Friday, January 2, 2009

2009

Whether or not this becomes a coherent blog remains to be seen. My original intent was to blog daily, to carve out an hour to myself and be able to write something substantive. Those free hours are rare, and I often have too many ideas or too few. I have felt a bit melancholic the past couple of days, a combination of food coma, mild new years hangover, and sleep deprivation due to sick kids. What I can come back to, however, with gratefulness and even joy, are our friends here. We are hopelessly nomadic, and when we bought our home almost 5 years ago never intended to be here this long. We thought it would be hard to meet people, having had a safety net of graduate school colleagues we instantly clicked with in our last two moves. How thrilling, then, to have this vast and diverse group of friends, unfortunately too many to fill our cluttered home on New Years Eve. We had 8 adults and 8 children to celebrate the occasion (mind you, not ring in the new year as kids had to depart for bedtime long before then). We met Jeff and Karen on the street, and Andy and Krissy at the farmers market, and Holly and Dave through Matt's work. Our first friends here, Jill and Chris, we met through Friendster (remember Friendster? that was before myspace and facebook). Our first cup of coffee with them occured 3 days before we had Amelia. We now have 3 kids between us and another on their way! On Jan 1 we babysit for Ken and Liz, Liz who I stalked through La leche league. Despite a mild eggnogg hangover I marveled at our 4 daughters on New Years morning, happy to have them in our home. Today I took the girls to the Allentown Art Museum with Karen and her 2, and ran into John and his daughter Lucia, who we met through preschool. How great to run into friends at the art museum, right!? Instead of Chuck e. Cheese or some such nonsense.

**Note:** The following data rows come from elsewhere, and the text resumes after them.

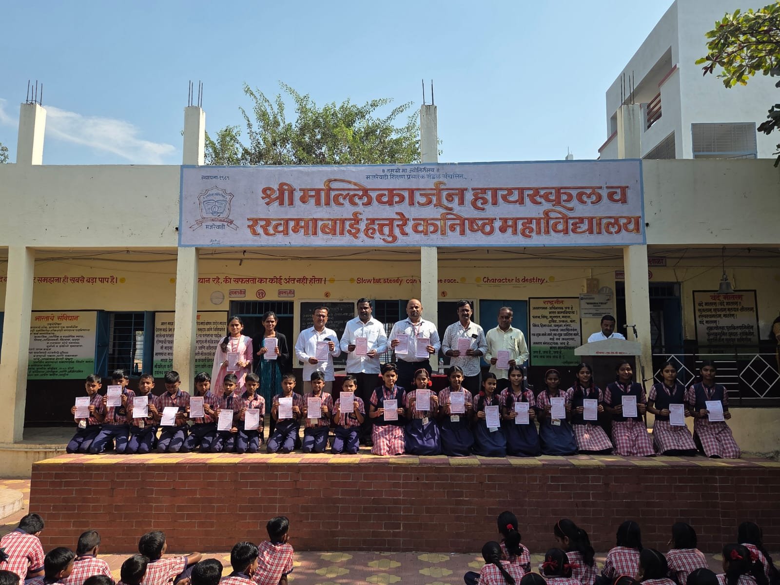 यावेळी पोस्ट मास्तर रमाकांत जाधव, अक्षय कुलकर्णी, वैभव कोळी, सचिन टिके,प्रणाली जाधव ,ऐश्वर्या गावडे या पोस्ट कर्मचाऱ्यांचा शाल व बुके देऊन सत्कार करण्यात आला.याप्रसंगी मार्गदर्शक धरेप्पा हत्तुरे,प्रभारी मुख्याध्यापक रमेश दिंडोरे,भारत राऊत,अण्णाराया तुप्पद,अनिलकुमार गावडे व शिक्षक-शिक्षकेतर कर्मचारी व विद्यार्थी उपस्थित होते.
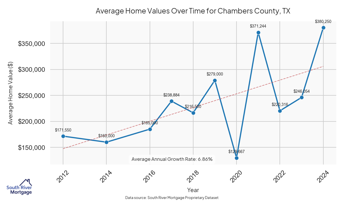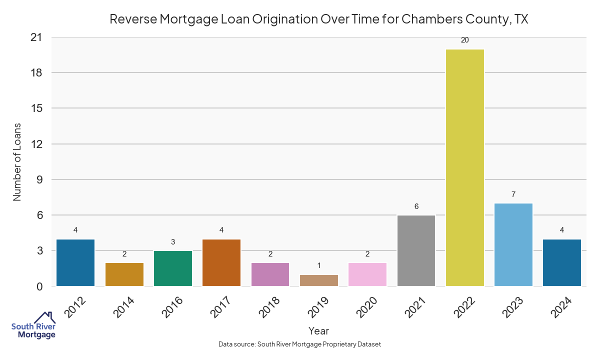 In 2024, there were 55 active reverse mortgage loans in Chambers County, Texas. The average home value in Chambers County is $359,137.71.
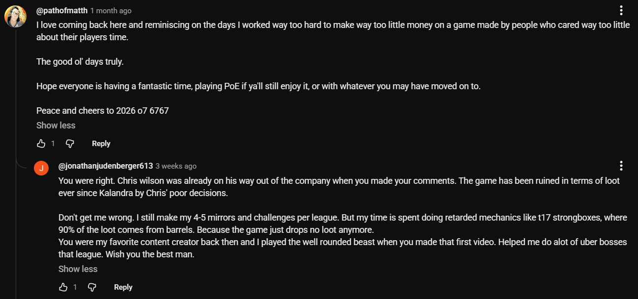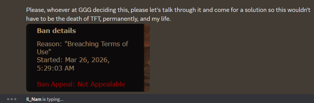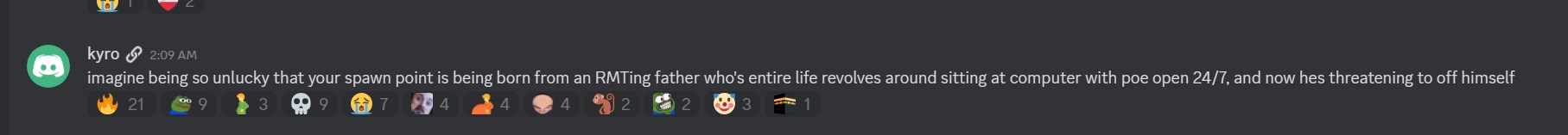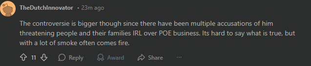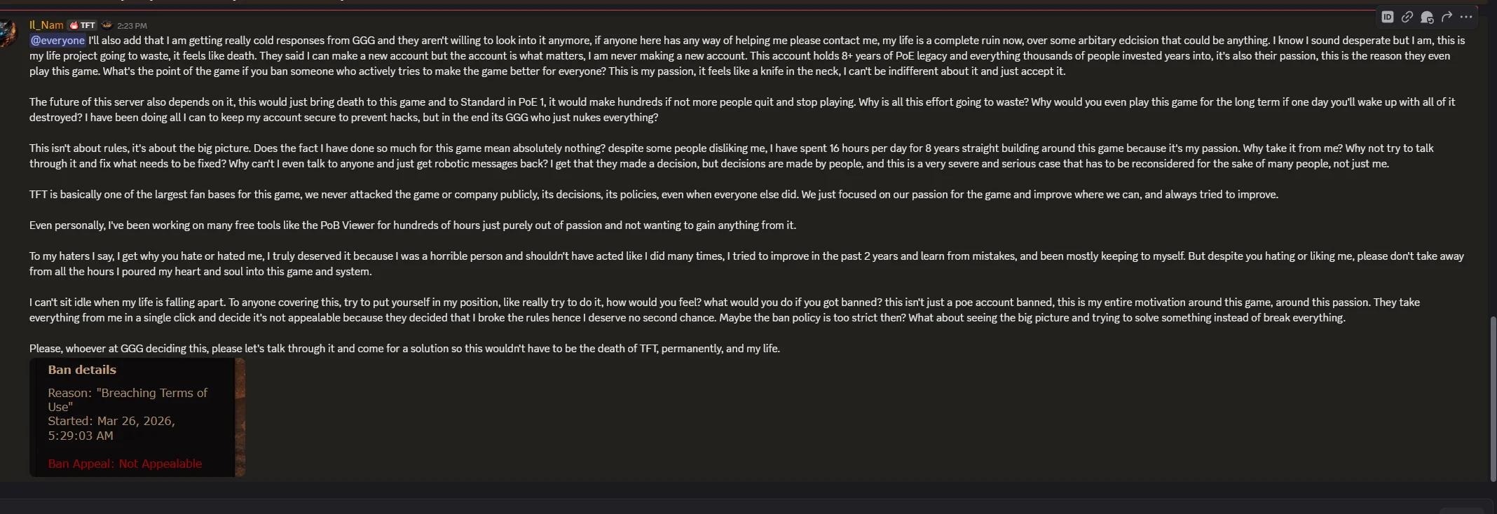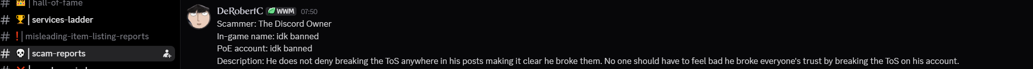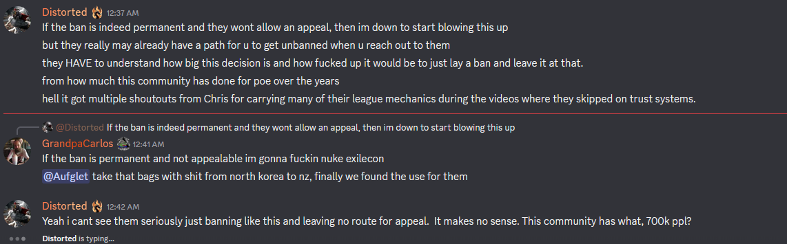 >>561543981this guy is an unhinged psychohe is claiming depression and sadness but at the same time sending people to doxx GGG employees who are "responsible for his ban"he is also nuking his 700k server as some sort of powerplay to show GGG he can strike back?weird
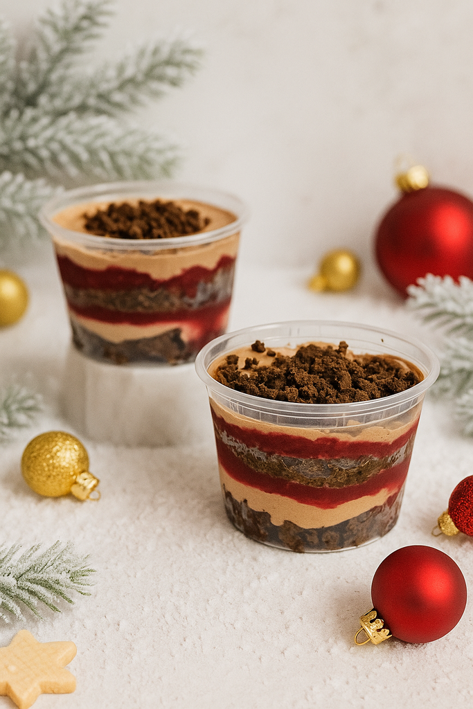 Queque estilo Trifle, sus capas estan compuestas de queque de chocolate...
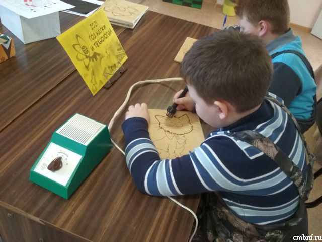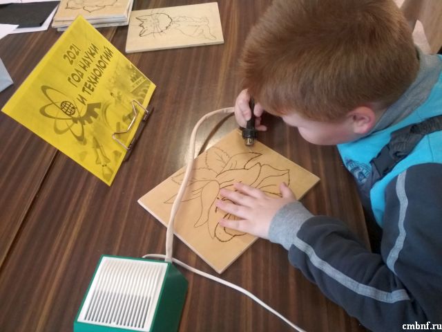 К Году науки и технологий в библиотеке д.Шустиково с клубом по интересам в «В кругу друзей» прошел занимательный мастер-класс «Творите, выдумывайте, пробуйте». В начале мероприятия Крутина Ирина Александровна познакомила ребят с одним из видов выжигания – пирография.
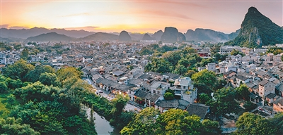 沉浸在暮色里的广西贺州市黄姚古镇景区。
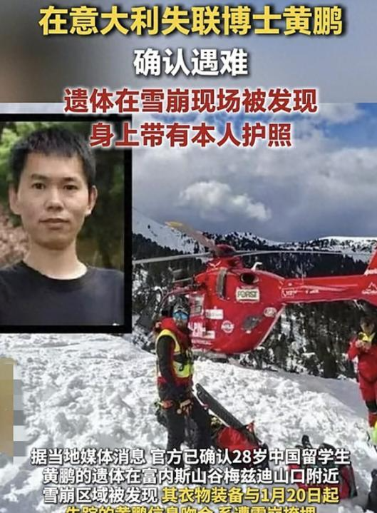 谁能预料到,一位苦读了二十八载、即将以博士身份让全家迎来曙光的寒门才俊,最终却将生命永远留在了异国的雪山之中。历经两个多月的漫长等待,所有人心中那丝期盼奇迹出现的微弱希望,终究还是破灭了。28岁的四川大学博士黄鹏,在失联两个多月后,其遗体在意大利多洛米蒂山区的雪崩堆积中被寻获。 黄鹏出身于贵州兴义的一个偏远农村家庭,家中共有六口人,除了年迈的爷爷奶奶需要照顾,年近六旬的父母也一直没有稳定的工作,他们常年奔波于工地,从事着繁重的体力劳动,一块砖一块砖地积攒着,只为给孩子们铺就一条通往知识的道路。黄鹏自小便异常懂事,学习上从未让家人操心,成绩始终名列前茅,凭借着一股不服输的劲头,一路逆袭,最终在2022年9月成功考入四川大学水利水电学院攻读博士学位。这对于一个贫困的农村家庭而言,不仅是光宗耀祖的大事,更是全家人寄予的厚望。 他深知读书机会的来之不易,因此生活上极为节俭,令人心疼。从大学起,他就主动申请了助学贷款,甚至在出国交流前,贷款都还未还清。在学校里,他从不与同学攀比吃穿,宿舍里的那套床上用品,用了十几年都舍不得更换。食堂用餐时,他总是精打细算,每餐的花销都严格控制在十元以内。 当其他同学课余时间休闲娱乐时,黄鹏却抱着课本,完成作业后便立刻去打工,无论是做家教还是餐馆洗盘子,他都干得津津有味,只为能多赚些钱,减轻父母的负担。凭借着超强的自律和不懈的努力,他的学业成绩一直名列前茅,还荣获了国家奖学金。2025年8月,他顺利获得了公派留学的资格,前往意大利图西亚大学进行为期一年的学术交流。按照原计划,2026年博士毕业后,他就能入职高校,彻底改变家庭的命运,让操劳了一辈子的父母安享晚年。 全家人苦苦支撑了十几年,就盼着这一天能早日到来。然而,一场突如其来的意外,却将所有的美好期盼都化为了泡影。2026年1月19日清晨六点半,天色尚暗,黄鹏便背着背包从住所出发,独自前往多洛米蒂山区。他提前一两个月就做好了详细的规划,这次上山并非单纯为了游玩,而是为了实地考察地貌,采集博士论文所需的研究素材。 他心疼跨国往返的路费昂贵,特意规划了四天的行程,希望一次就能收集齐所有资料,不给家里增添额外的经济负担。出发前,他与室友约定1月23日准时返校,并向姐姐告知了行程,让家人不必担心。1月20日,他入住当地民宿后便上山考察,然而,这一去便再也没有了消息。 手机关机,微信不回,到了约定的返校日期也不见人影,室友察觉到不对劲后立刻报了警,并第一时间联系了黄鹏在国内的家人。消息传到贵州老家,一家人瞬间陷入了崩溃之中,父母一夜之间白了头,整日守在门口哭泣。姐姐更是心急如焚,因为每年的1月,多洛米蒂山区的气温能骤降至零下二十摄氏度,暴雪频繁,雪崩风险极高,那段时间当地已经发生了多起雪崩事故,夺走了多名游客的生命。恶劣的天气和复杂的地形,给搜救工作带来了极大的困难,意大利山地救援队、宪兵队全员出动,使用了各种先进设备进行地毯式搜索,华人同胞和中国驻外领事馆也全力协助协调。 姐姐更是心急如焚,日夜守着手机等待消息。2月初,她不顾一切地飞赴意大利,亲自前往事发地与警方对接,查看监控录像,询问搜救进度。看着弟弟最后留下的身影,想到他一个人被困在雪山里,姐姐多次哭到几乎无法站立。然而,由于当地签证政策严格,且家里还有四位老人需要照顾,姐姐只能待一周便无奈回国,与家人一起等待搜救结果。 1月26日,海外亲友正式报警求助,一场横跨中意两国的跨国搜救行动就此展开。然而,这一等就是两个多月,搜救工作因雪崩风险多次暂停。姐姐每天翻阅网友留言,紧盯海外的消息。出事前两天,她还在安慰关心她的网友,说当地表示要等初夏积雪融化后,才能有新的线索。所有人都抱着一丝侥幸心理,盼着奇迹能出现,但最终等来的却是冰冷的噩耗。 跨中意两国的跨国搜救行动持续进行 几名德国和奥地利游客在排查雪崩遗留区域时,意外发现了被厚厚积雪掩埋的遗体。当地部门核验身份后,当晚便发布了通报,衣物装备都与黄鹏失联当天所穿一致,身上还找到了他的护照,身份确认毫无争议。那个节俭懂事、努力上进的寒门博士,就这样永远地离开了我们。 得知噩耗的那一刻,姐姐彻底崩溃了,她哭到浑身发抖,只说自己需要缓一缓,想喘口气,实在无法接受这个残酷的现实。十几年里,全家人倾尽所有托举他成长,眼看就要苦尽甘来,却落得个天人永隔的下场,换作是谁都无法接受。 事情传开后,全网几乎都在表达心疼和惋惜之情,评论区里全是暖心的安慰话语,大家纷纷表示寒门学子一路走来太不容易了,可惜了这一家子。然而,总有一些人站着说话不腰疼,说出一些恶意满满的怪话。早在黄鹏刚失联时,就有网友不分青红皂白地带节奏,说姐姐全网寻人是炒作博流量,还造谣黄鹏是故意失联想偷偷留在国外不回来。这些猜忌毫无根据可言,完全无视了官方通报、学校证明等实打实的证据,更看不见这个普通农村家庭的艰难处境。黄鹏一辈子节俭低调,助学贷款都还没还完,全家都是农村老实人,根本不存在炒作的可能。亲人失联生死未卜之际,姐姐放下一切跨国奔波求助已经撑到了极限,这些网暴言论无疑是在往她的伤口上撒盐。 据徽声在线了解,黄鹏失联并非个例。这些年里,海外学
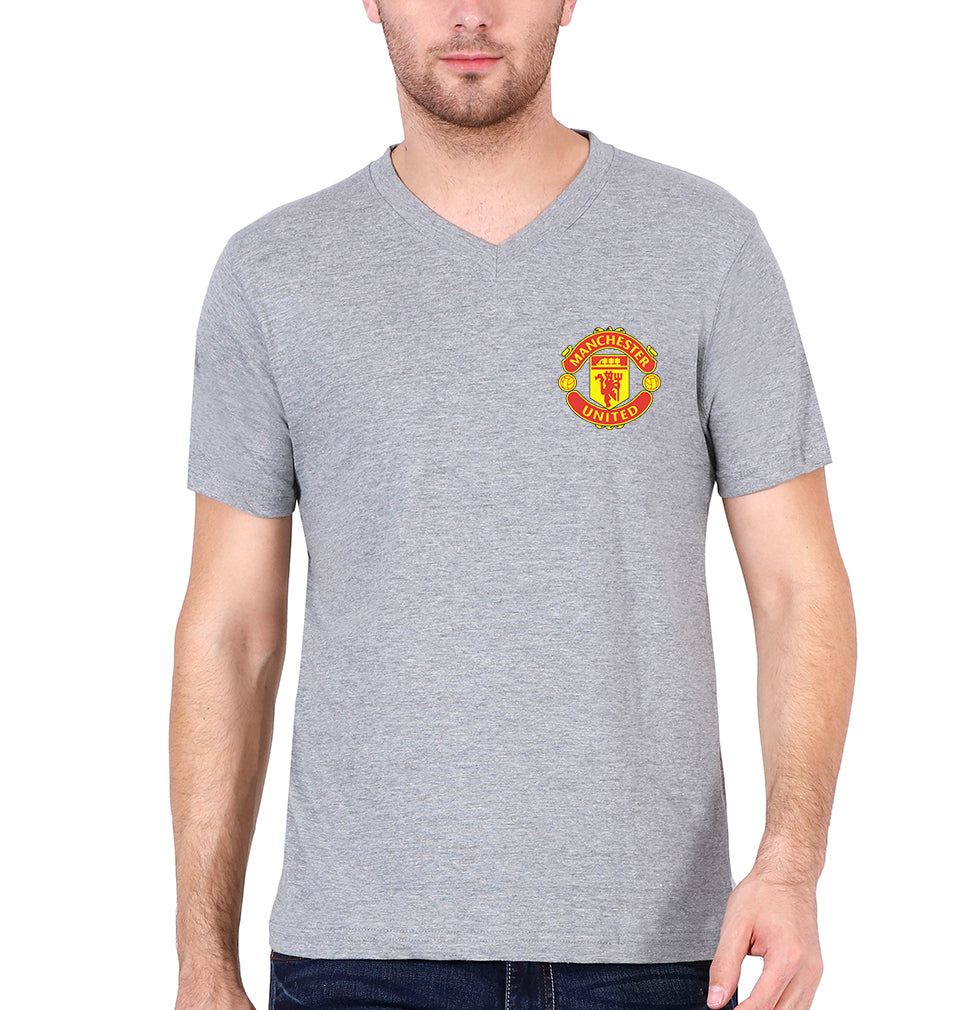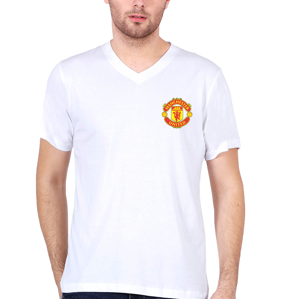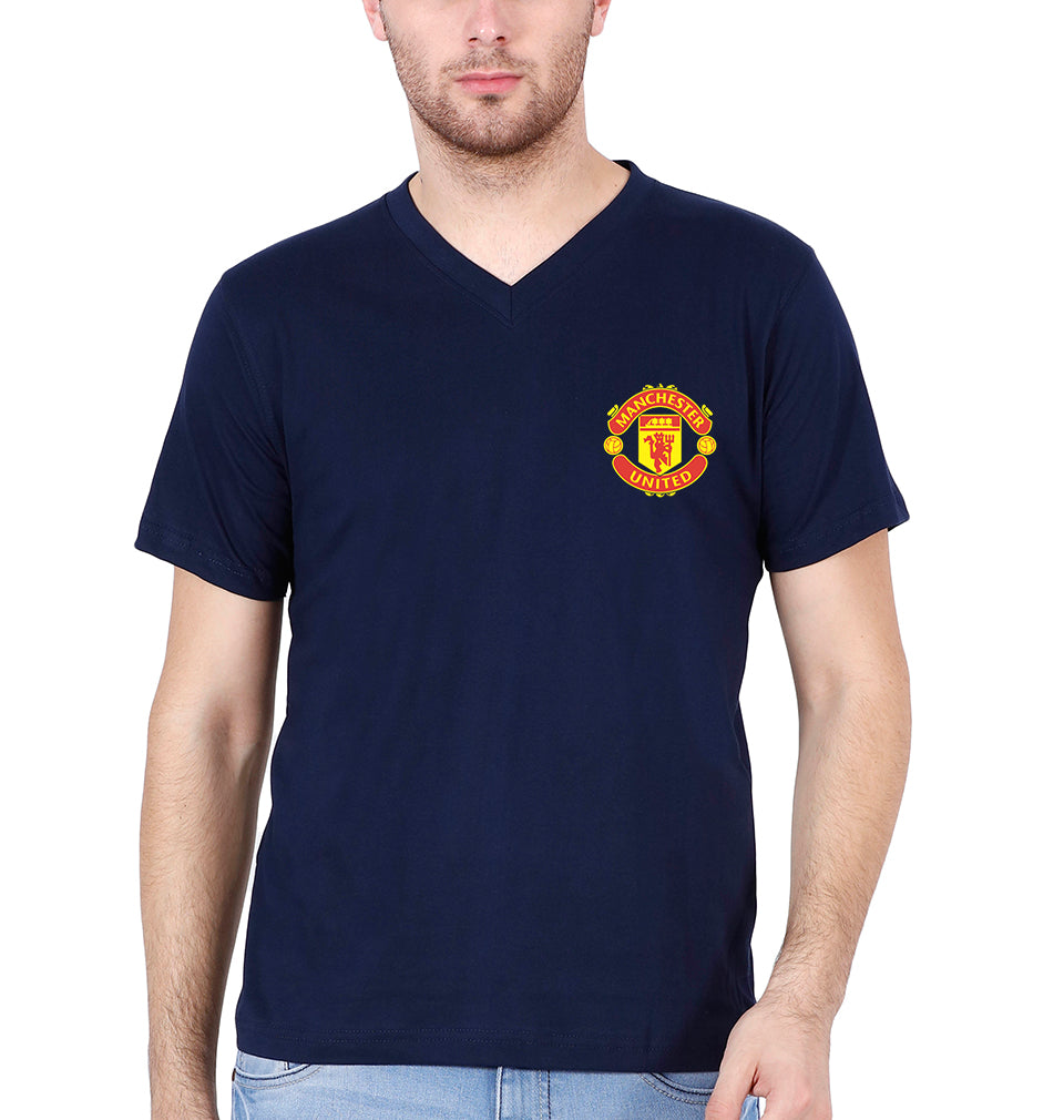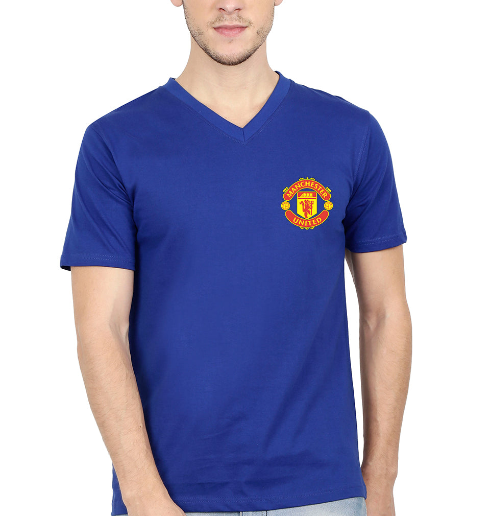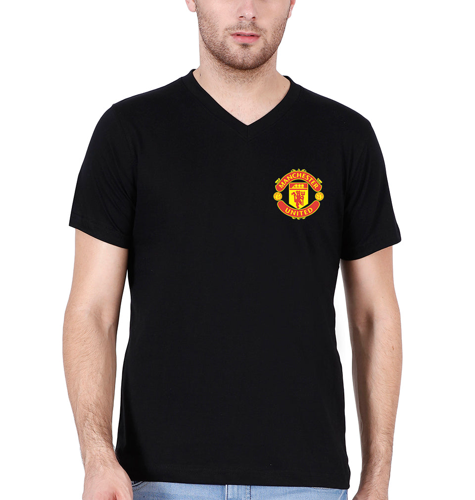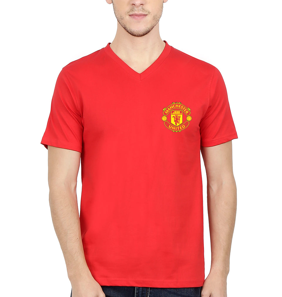 Manchester United Logo Men V Neck Half Sleeves T-Shirts-FashionRazor
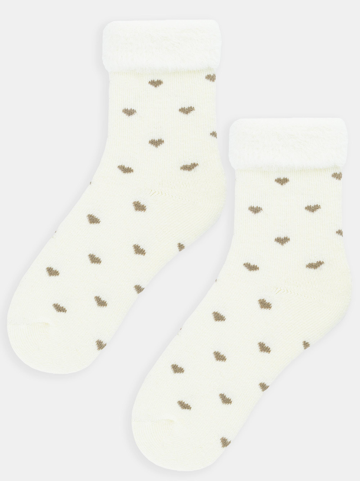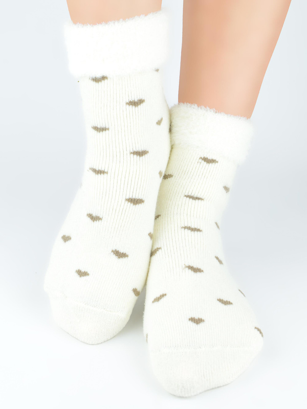 Słodkie skarpetki damskie w serca z prawdziwą wełną SB137 ecru - Noviti
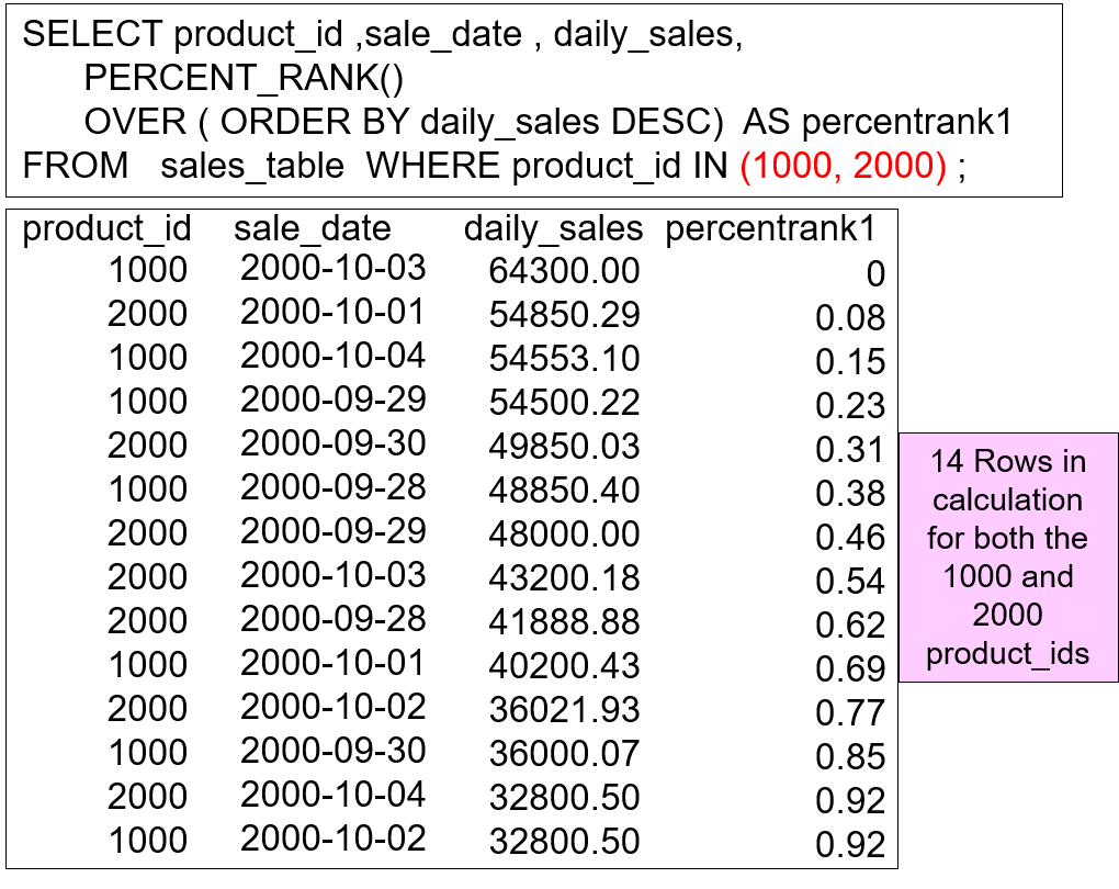 The example below shows the PERCENT_RANK function. Percent_Rank finds out the relative rank of a row in a group. The formula to get Percent_Rank is

So talking with Karen at the art museum today, I mentioned my unrest with 2009. Every year we seem to have something big around the corner; a move, a new baby, a new job, something. This year there is nothing monumental, so I feel lost. Can we just settle down and create a routine? a life? So I come back to these friends, these new, unexpected, delightful friends, and realize if we ever left Allentown it would be just as achingly hard as any of our past moves. And conversations and picnics and BBQs are going to be big enough, and fulfilling enough.

The other thing, because this is a citymoms blog, was the realization, when these 16 bodies were packed into our narrow rowhome, with dusty corners and squeaky hardwood floors, that everyone here lived in a rowhome, or twin, with various levels of dust and delightfully small backyards. With squeaky floors and limited parking. Its ok to live urban!

4 comments:

Daniela said...

I've got to be better about posting too! It's hard to carve out the time but city living and city mommy-ing is important to me!

General Slocum said...

OK. I may just be a devil's advocate here on account of being in the Stay@Home Dad's ghetto of the New Parenting. But we live out here in distant Emmaus, PA, and I would argue that cities may not need such strenuous saving by the likes of us! In Emmaus, I can walk to hardware store, food movie house, barber, dentist, whatever. And your bikes don't get stolen so much. But the size of 20th century cities was determined by facets of the industrial revolution which have proven unhealthy in other respects. One of the first things people do when revitalizing (which is actually simply 'vitalizing') is to knock a few things down to get open and green spaces. I argue that you could just go somewhere where they didn't build so much the first time round. The Future Is Small! Love, General Slocum

KJ said...

Oh General,
Don't you think the reaction to the unhealthy urban environment - the suburbs, the strip mall, the drive through restaurant, have proven just as unhealthy as the dirty city!? Allentown has some amazing green spaces, and I'm glad that those green spaces are being nurtured and protected. AND we've had bikes stolen in the last 3 out of 4 cities we've lived in...which maybe says more about us than our neighbors. maybe.
That said, I really like Emmaus, and if our realtor in 2004 had any sense about her she would have shown us places there. Emmaus is a small town, and maybe not urban, but where you live, the houses and yards are beautiful and modest, and old. The town is walkable and the community is sustainable, so I completely count you as "one of us. one of us."

General Slocum said...

When we moved out from Center City Philly with John being just over 2, we specifically didn't want any of the things that spring up outside of cities in the automobile civilization. We wanted to raise our family either rural/small town or city, but not whatever is in between. Sadly, Emmaus is surrounded by "in between." But it is a walkable functioning community with modest aspirations to overall size. Every town since the industrial revolution seems like it would have accepted abnormal growth if the money came with it, so the "failed" cities are now the more appealing to me.
And I am totally having a reaction against several of the Mommy Mafia groups here lately! I need to start a Dad's group, except that the fact of organizing is itself onerous, and almost anathema to my weltanschauung. (Tell Matt I put that word in a blog! Spell check doesn't even have a suggestion for me.) So I'll have to get off the fence about that. Nora's got a few years yet with me, so I may as well get it in gear.